Wiki

Coding and Testing Standards

Engineering standards for specification-driven implementation, layer discipline, and the required testing strands.

Repository View Source

Coding and Testing Standards

Coding Standards

The codebase follows a few simple but strict principles.

1. Specification-Driven Implementation

Core behavior must align with:

  • the constitution
  • the requirements
  • the build packs
  • the IA and design guides

If implementation and spec diverge, the spec is the first place to check and then update deliberately if needed.

2. Canonical Terminology

Use the platform’s canonical vocabulary consistently:

  • Request
  • Run
  • Artifact
  • Review
  • Approval
  • Promotion

Do not invent local synonyms for core domain objects.
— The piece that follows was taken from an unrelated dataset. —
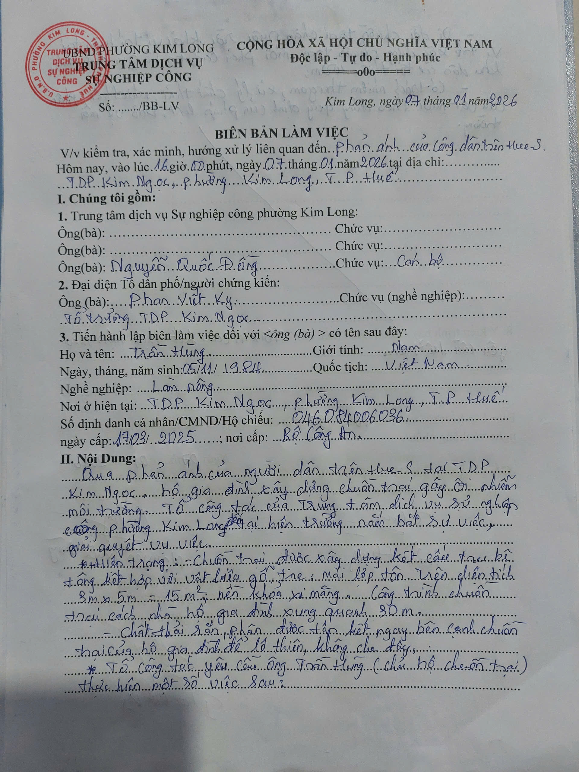 Vấn đề quý Ông/bà phản ánh, UBND phường Kim Long xin thông báo kết quả xử lý như sau:
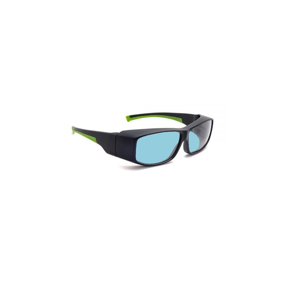 The BGKG lens filter is a light blue laser safety lens, cut and mounted into the 17001 model. A rectangular plastic frame that is very durable and provides a comfortable fit. This large fit frame provides a green accent secure grip rubber temples and integrated lateral protection. ANSI Z87+ Approved.

3. Explicitness Over Cleverness

The repo prefers:

  • explicit state transitions
  • explicit validation
  • explicit error handling
  • explicit routing and governance logic

Hidden behavior and “magic” are considered defects in this system.

4. Layer Discipline

Keep responsibilities separated:

  • web for interaction and presentation
  • API for authoritative platform behavior
  • services for business logic seams
  • repositories for persistence concerns
  • packages for shared contracts and components

Testing Standards

RGP treats testing as a first-class product requirement.

Required Test Strands

The comprehensive suite includes:

  • unit tests
    • backend services
    • shared UI components
    • web route and page logic
  • integration tests
    • constitution- and requirements-derived user stories
  • browser journey tests
    • high-value UI paths
  • security scanning
    • static security review
    • dependency audit
    • crypto review
  • performance and scalability tests
    • read/write concurrency
    • threshold validation
    • performance analytics capture

Coverage Standard

The current target is at least 85% unit coverage across all tracked dimensions:

  • API unit coverage
  • web unit/route coverage
  • UI package unit coverage
  • combined repo unit coverage

Coverage is measured, not estimated.

Test Entry Points

From the repo root:

pnpm test:unit
pnpm test:integration
pnpm test:journey
pnpm test:security
pnpm test:performance
pnpm test:comprehensive

User Story Validation

The end-to-end suite is organized around named user stories, documented in:

That matters because the platform is validated against the constitution and requirements, not just isolated code paths.

Security Standard

A full comprehensive test run must include:

  • Bandit/static security scan
  • Python dependency vulnerability audit
  • JavaScript dependency vulnerability audit
  • crypto review

Security is therefore part of release validation, not a separate optional exercise.

Performance Standard

A full comprehensive run also includes:

  • concurrent read-path validation
  • concurrent write-path validation
  • latency and throughput threshold checks
  • verification that performance analytics capture the exercised workload

Pull Request / Change Expectations

Any meaningful change should include:

  • clear problem statement
  • code changes aligned to the domain model
  • test updates where behavior changed
  • no regression against the comprehensive suite

Standards Summary

RGP favors:

  • explicit governed behavior
  • constitution-aligned implementation
  • measurable quality
  • evidence-backed security and performance validation

That is how the project keeps the platform coherent as it grows.